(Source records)
====
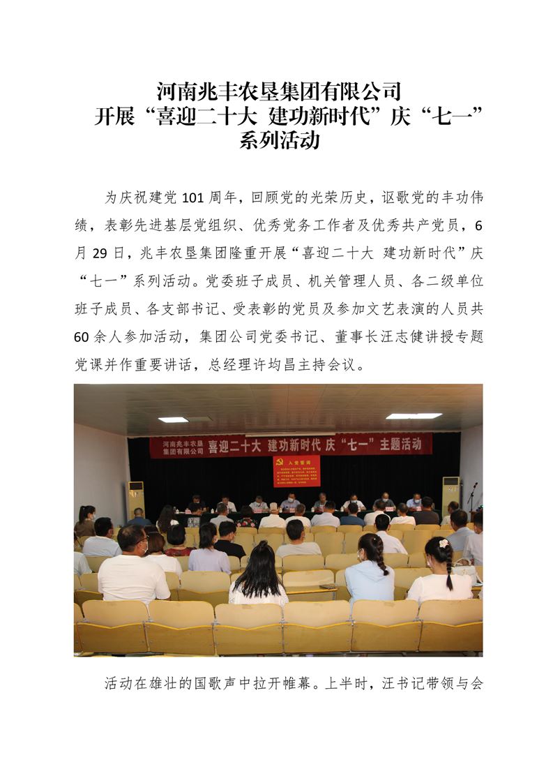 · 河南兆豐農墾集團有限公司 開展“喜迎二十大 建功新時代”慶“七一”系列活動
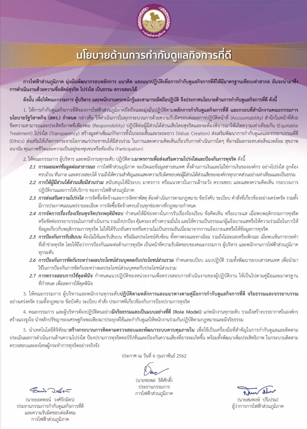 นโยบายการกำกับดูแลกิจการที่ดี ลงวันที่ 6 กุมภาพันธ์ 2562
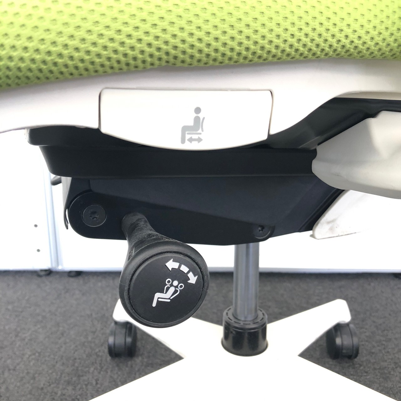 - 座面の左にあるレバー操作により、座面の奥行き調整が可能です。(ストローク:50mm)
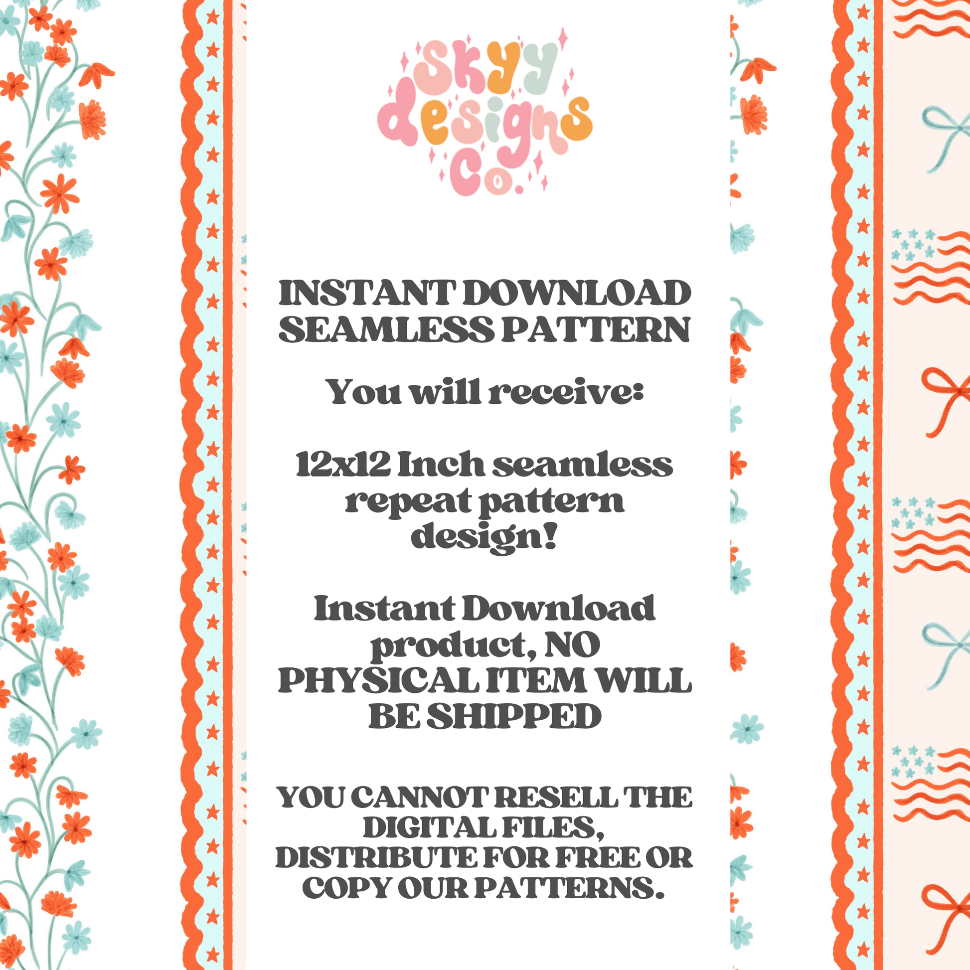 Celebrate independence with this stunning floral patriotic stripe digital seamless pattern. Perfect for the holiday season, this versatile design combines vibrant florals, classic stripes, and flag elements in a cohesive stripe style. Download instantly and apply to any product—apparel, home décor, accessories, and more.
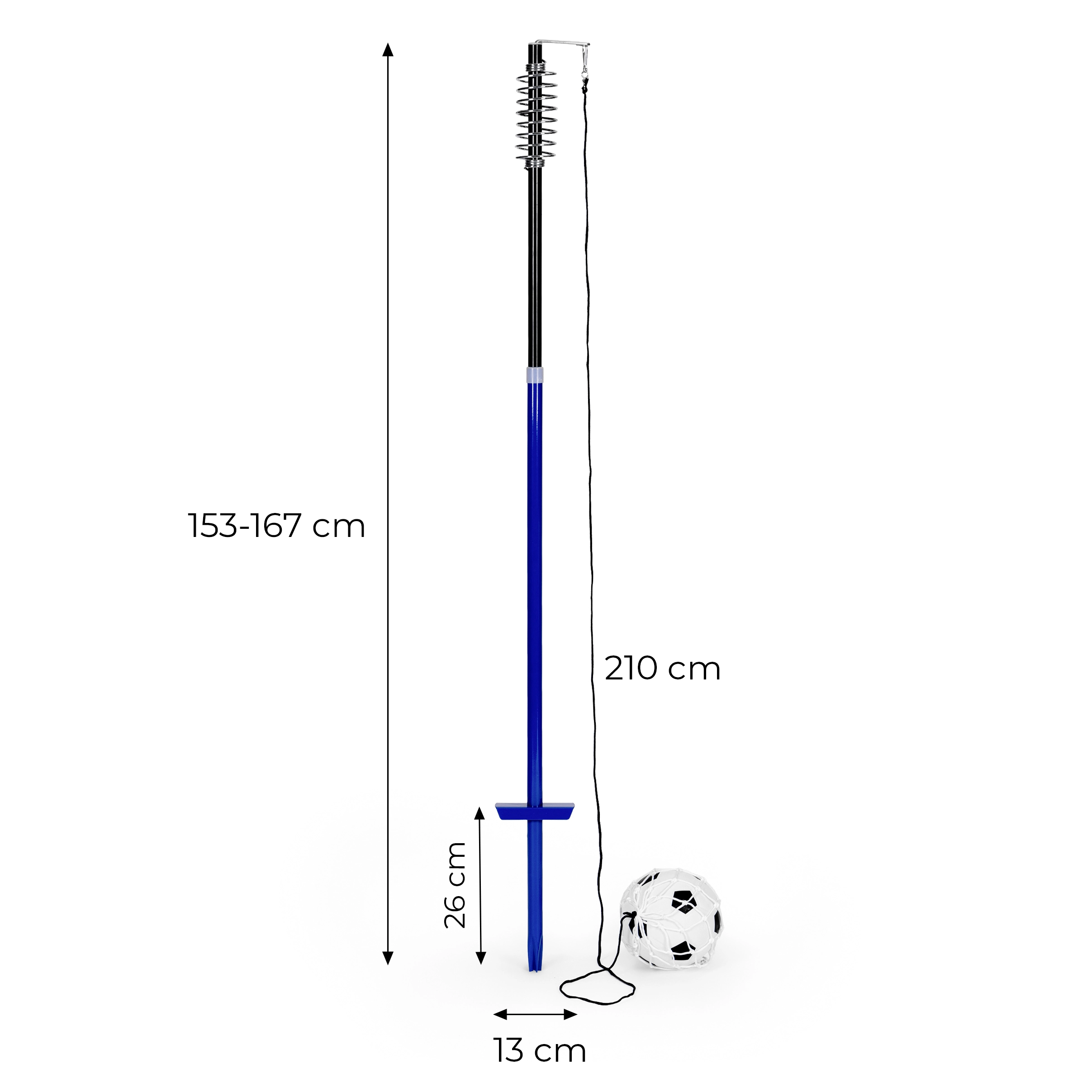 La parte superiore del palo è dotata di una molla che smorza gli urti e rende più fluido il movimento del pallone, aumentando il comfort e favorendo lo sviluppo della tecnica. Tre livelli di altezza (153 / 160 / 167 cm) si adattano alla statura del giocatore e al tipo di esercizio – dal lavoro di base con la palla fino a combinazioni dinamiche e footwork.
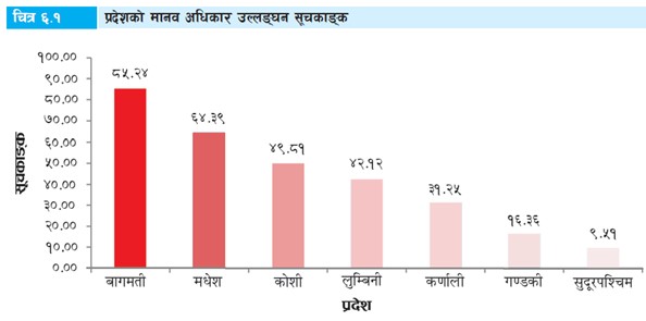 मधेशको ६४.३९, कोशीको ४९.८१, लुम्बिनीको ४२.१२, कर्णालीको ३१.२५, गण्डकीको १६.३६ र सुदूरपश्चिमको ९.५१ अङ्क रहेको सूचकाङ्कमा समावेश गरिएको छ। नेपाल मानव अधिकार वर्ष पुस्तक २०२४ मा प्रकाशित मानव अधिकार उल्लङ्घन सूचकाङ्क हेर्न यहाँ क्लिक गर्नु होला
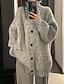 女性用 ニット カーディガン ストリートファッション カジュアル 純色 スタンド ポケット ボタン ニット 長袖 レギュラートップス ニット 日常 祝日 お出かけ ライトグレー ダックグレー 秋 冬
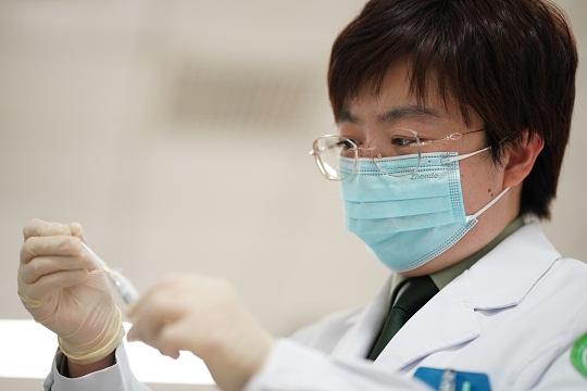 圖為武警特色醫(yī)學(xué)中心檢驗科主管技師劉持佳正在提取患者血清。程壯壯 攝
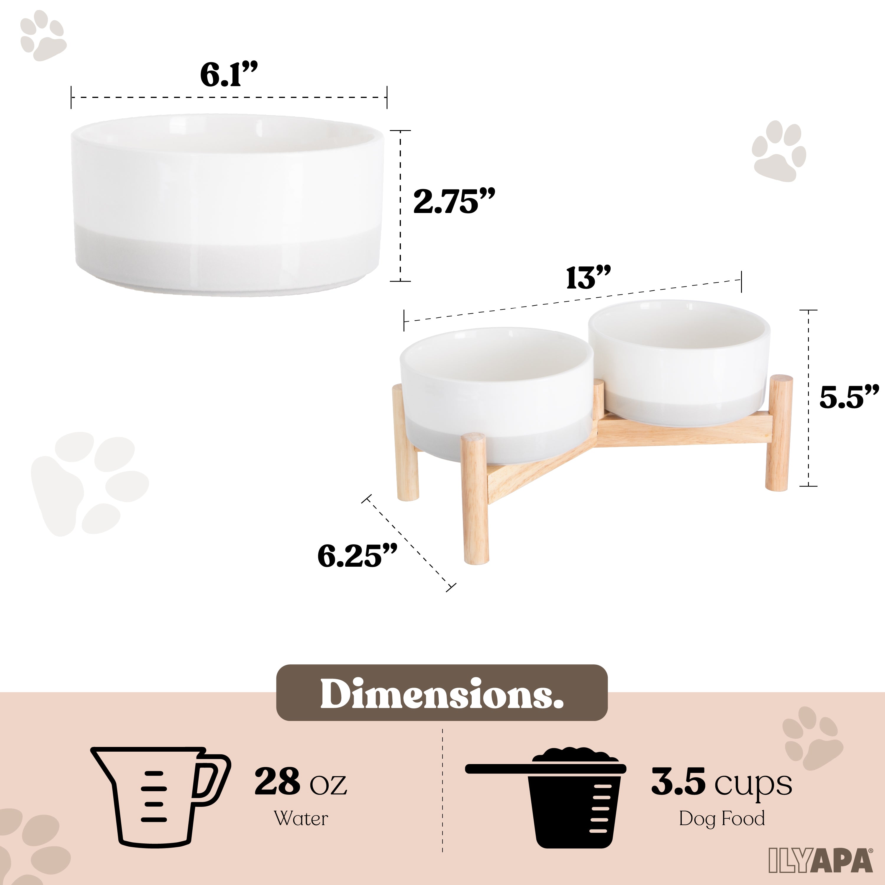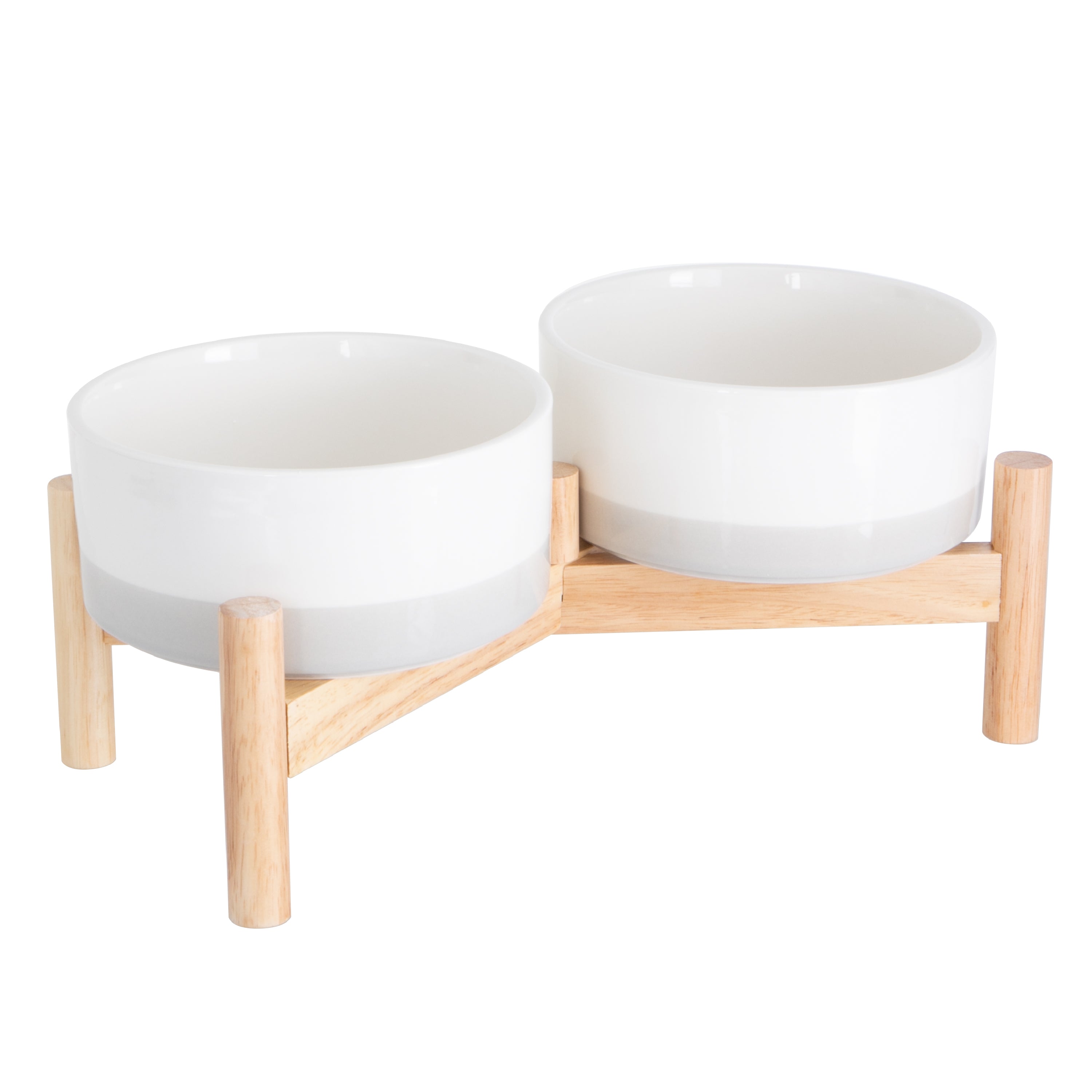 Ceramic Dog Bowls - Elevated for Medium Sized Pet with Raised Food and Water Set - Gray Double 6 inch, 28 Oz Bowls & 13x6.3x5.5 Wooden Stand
====
● Task item
Restate, word for word, each line from the line containing "圖為武警特色醫(yī)學(x" through the end of the entries above; the pictures are not part of the copy.

● Task response
 圖為武警特色醫(yī)學(xué)中心檢驗科主管技師劉持佳正在提取患者血清。程壯壯 攝
 Ceramic Dog Bowls - Elevated for Medium Sized Pet with Raised Food and Water Set - Gray Double 6 inch, 28 Oz Bowls & 13x6.3x5.5 Wooden Stand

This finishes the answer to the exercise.